Intracluster Gas Physics

Translating telescope observations into cosmological constraints requires solving a chain of non-trivial inference problems. Each galaxy cluster is an extended source with a complex 3D gas distribution; we observe it projected on the sky, mixed with noise, filtered by the instrument response, and potentially contaminated by other astrophysical signals. Extracting reliable measurements from this data - and propagating all sources of uncertainty through to final constraints - demands careful forward modeling, Bayesian parameter estimation, and a thorough understanding of systematic effects.

My PhD work was part of the NIKA2 SZ Large Program (LPSZ), a survey of ~40 galaxy clusters with the NIKA2 camera, a state-of-the-art millimeter-wave instrument at the IRAM 30m telescope.
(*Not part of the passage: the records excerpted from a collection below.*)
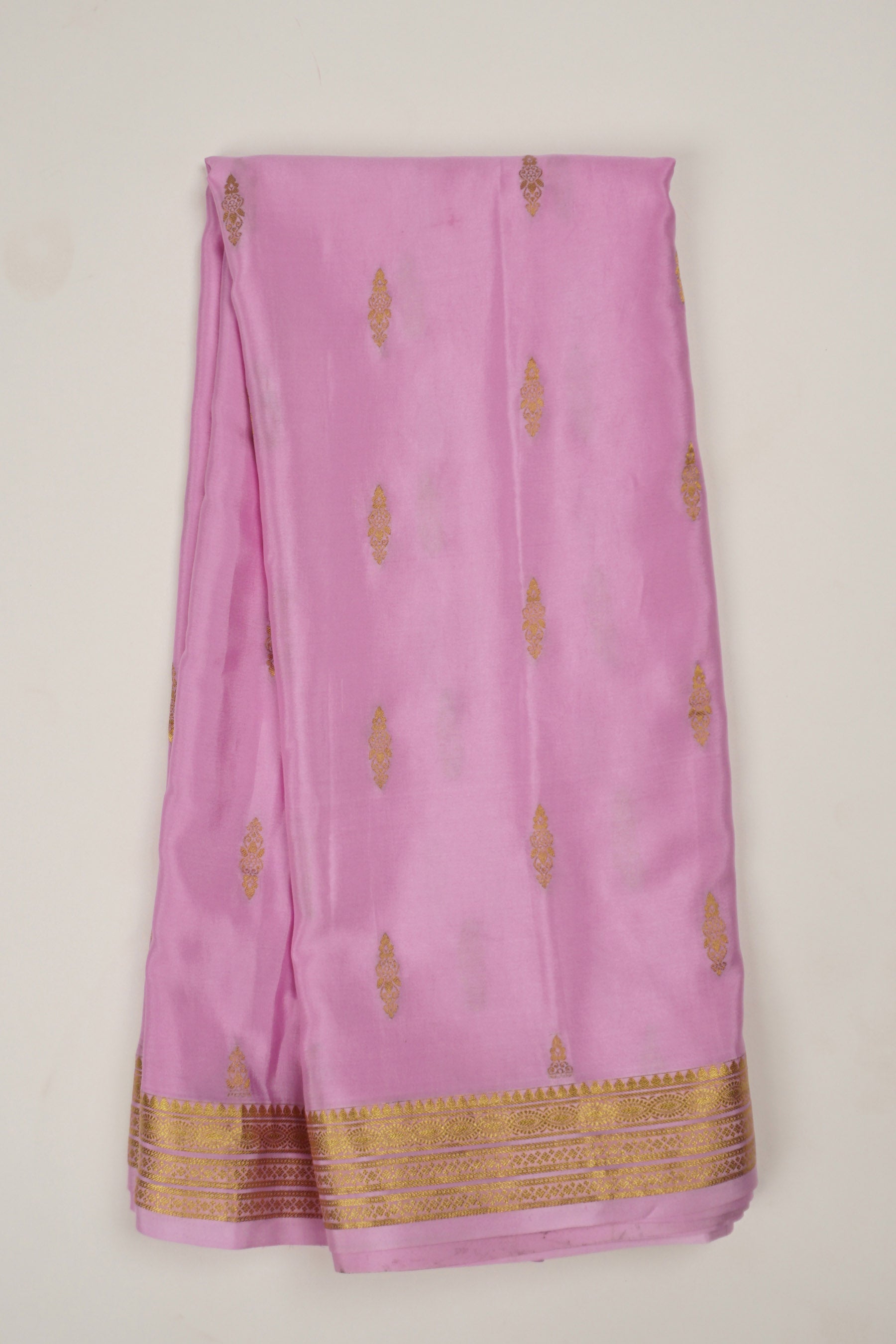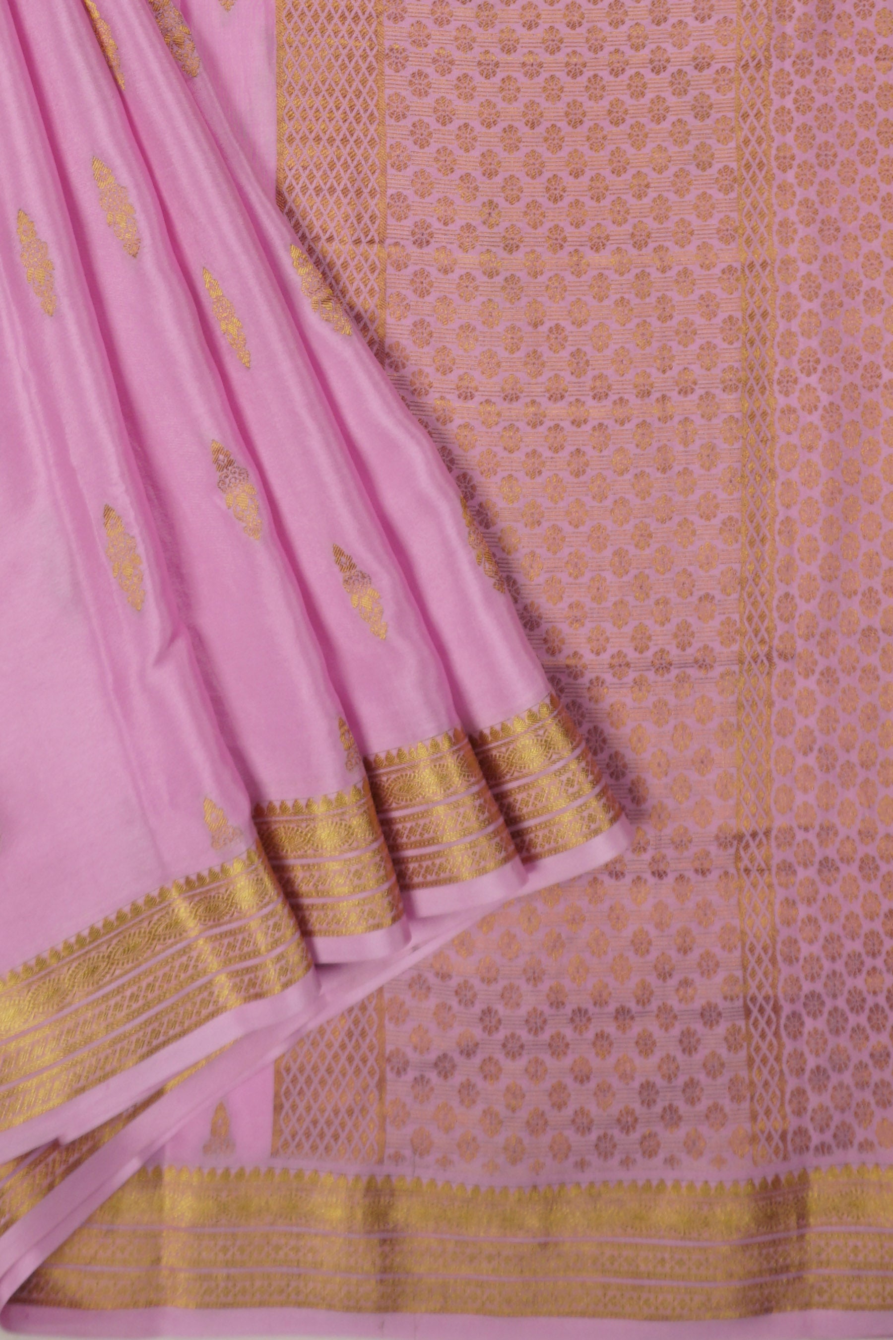 Pastel Pink Pure Crepe Silk Saree with Geometric Buttas and Brocade Pallu
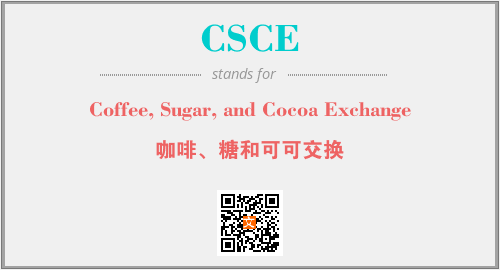 英文缩略词“CSCE”经常作为“Coffee, Sugar, and Cocoa Exchange”的英文缩写来使用,中文表示:“咖啡、糖和可可交换”。本文将详细介绍英文缩写词CSCE所代表英文单词,其对应的中文拼音、详细解释以及在英语中的流行度。此外,还有关于缩略词CSCE的分类、应用领域及相关应用示例等。
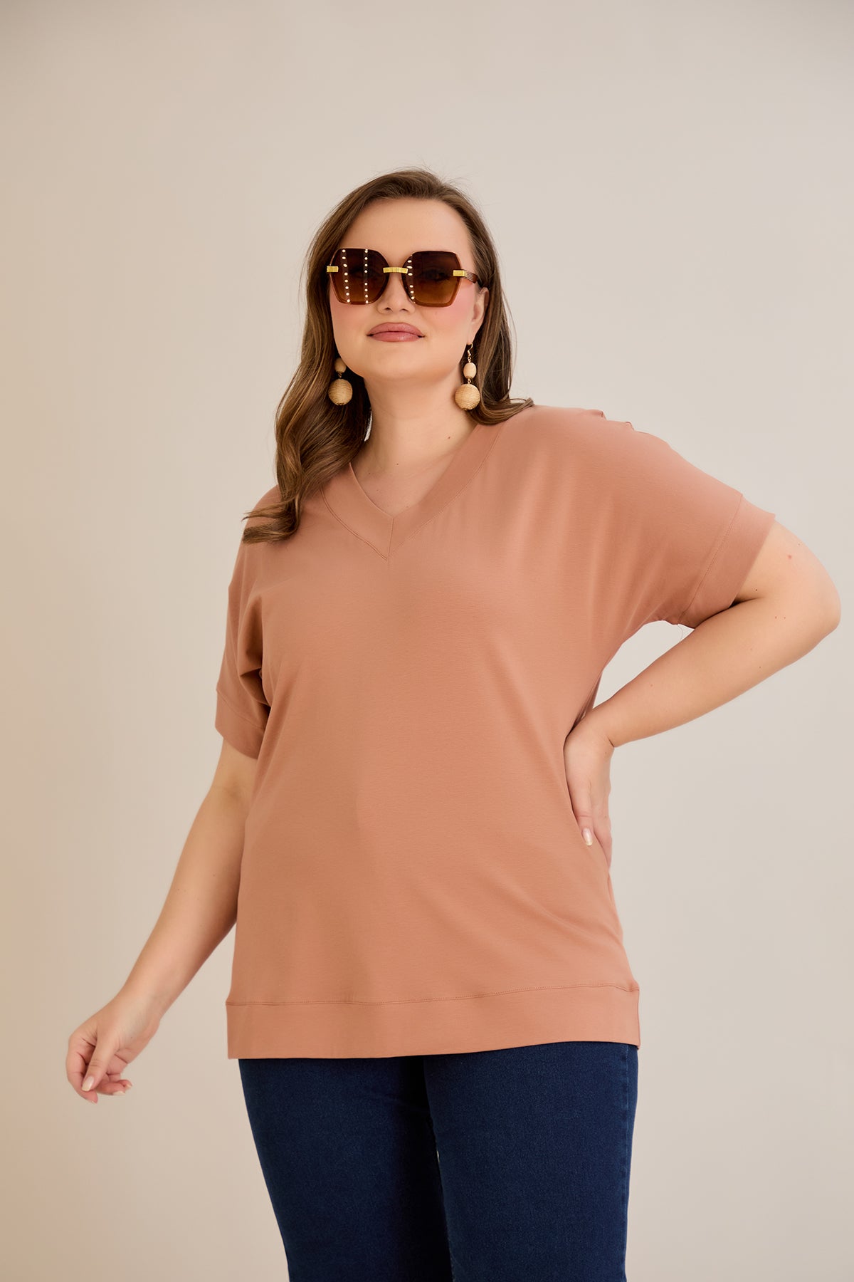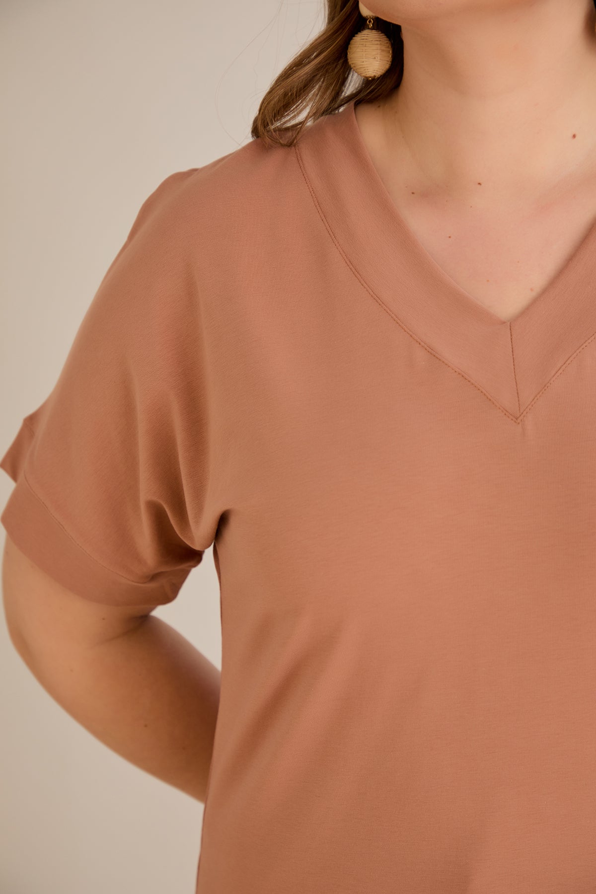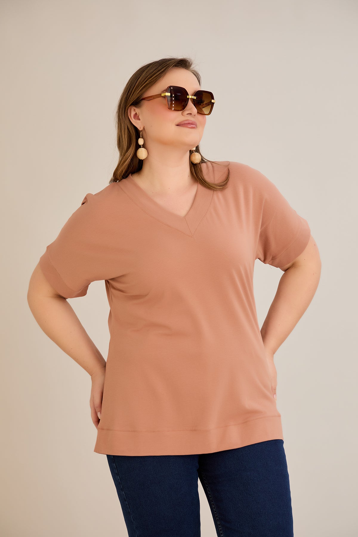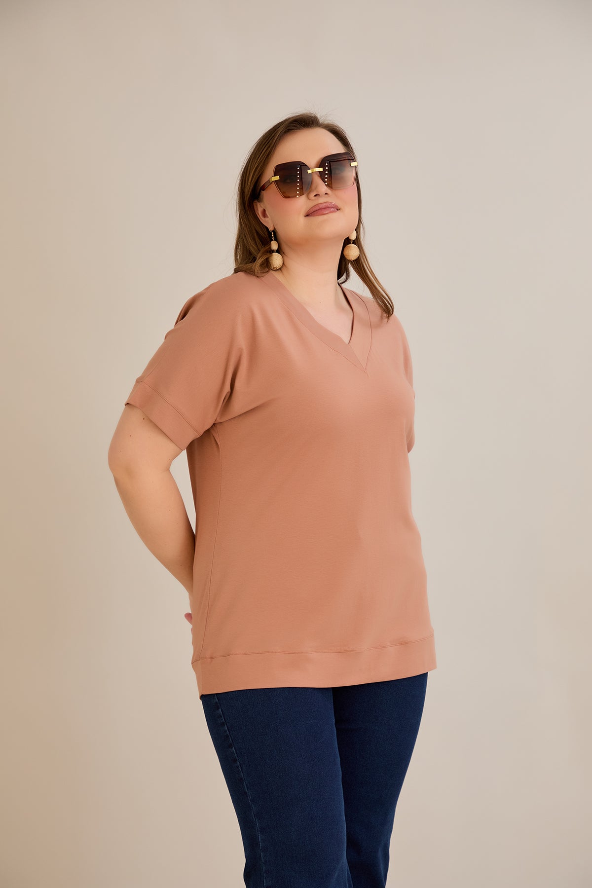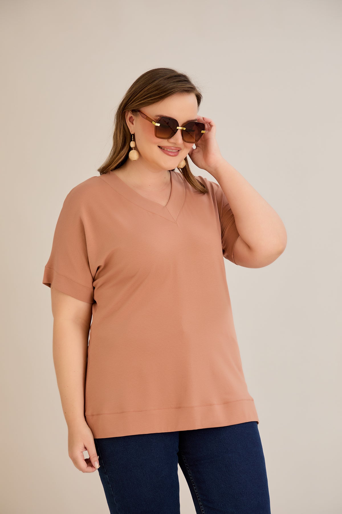 Βαμβακερό μπλουζάκι με V λαιμόκοψη σε Καραμελέ χρώμα σε μεγάλα μεγέθη
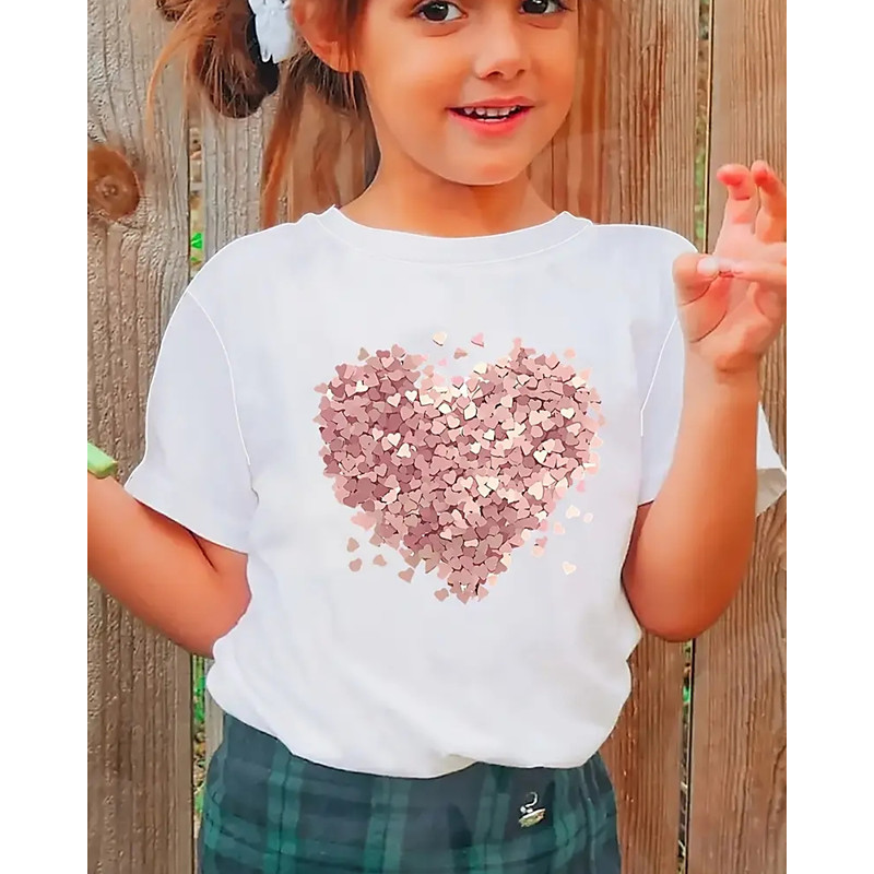 Girls' 3D Heart T shirt Tee Short Sleeve Summer Spring Fashion Basic Kids 4-12 Years Crew Neck Outdoor Casual Daily Regular Fit
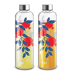Designer and durable glassware.Treo By Milton D’Ziner Clarion Borosilicate Glass Bottle, Set of 2, 750 ml Each, Pomegranate | Shakes | Smoothies | Water Bottle | Milk Bottle | Juice | Cocktail Bottle | Fusion Water | Chaas Bottle
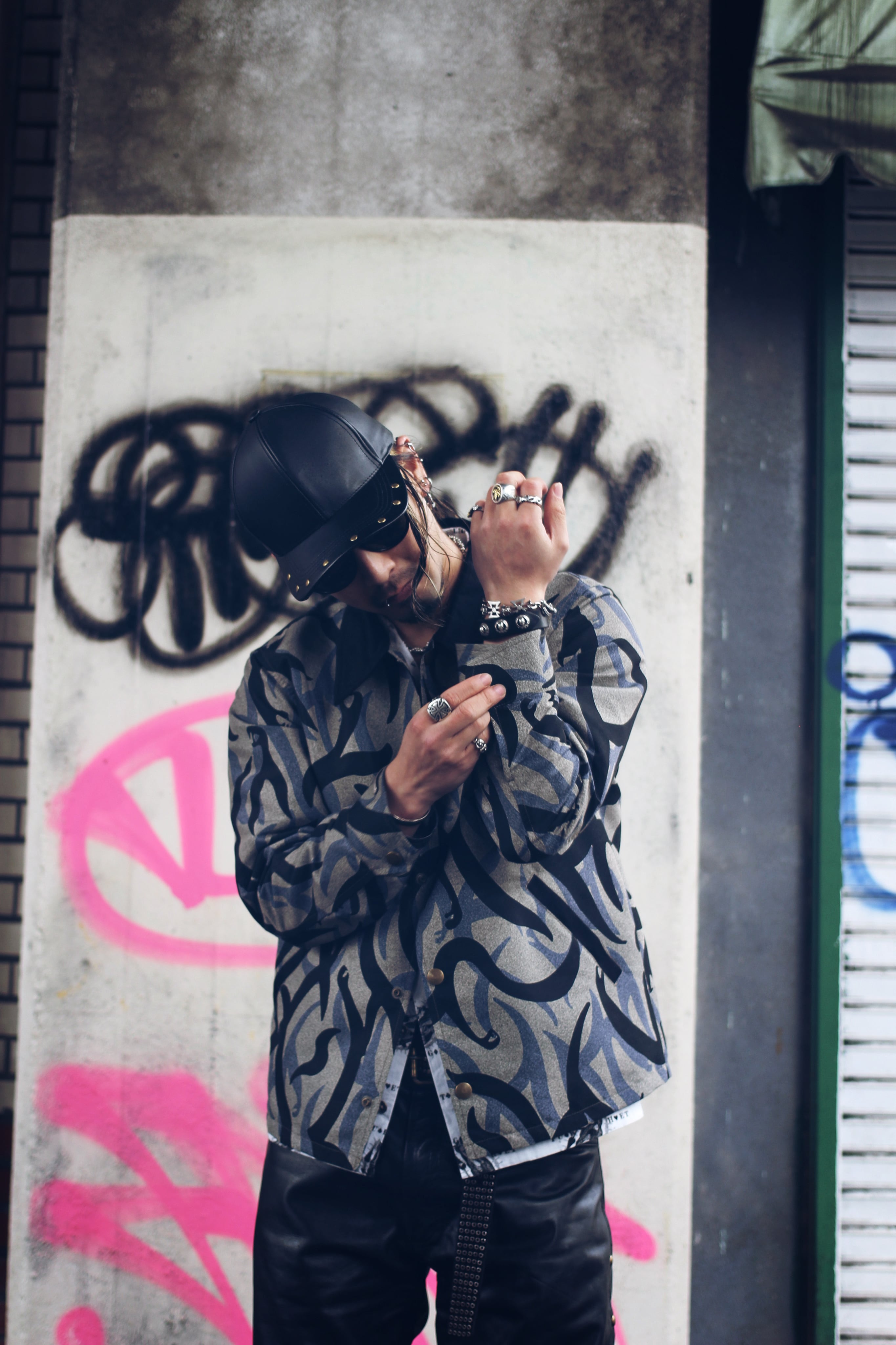 撥水ポリエステル生地に、ブランドオリジナルの“トライバルスネークカモフラ”を大胆に落とし込んだワークジャケット。

I led the end-to-end analysis of individual clusters: from raw time-ordered detector data to calibrated sky maps, and from maps to inferred thermodynamic profiles using MCMC. I also developed a hierarchical Bayesian framework used to combine individual cluster measurements into population-level scaling relations, with full propagation of measurement uncertainties, selection effects, and mass estimation biases.

Technical methods: MCMC (Metropolis-Hastings and gradient-free samplers), forward modeling with instrument transfer functions, joint multi-wavelength modeling (millimeter + X-ray), hierarchical Bayesian regression, Monte Carlo forecasting.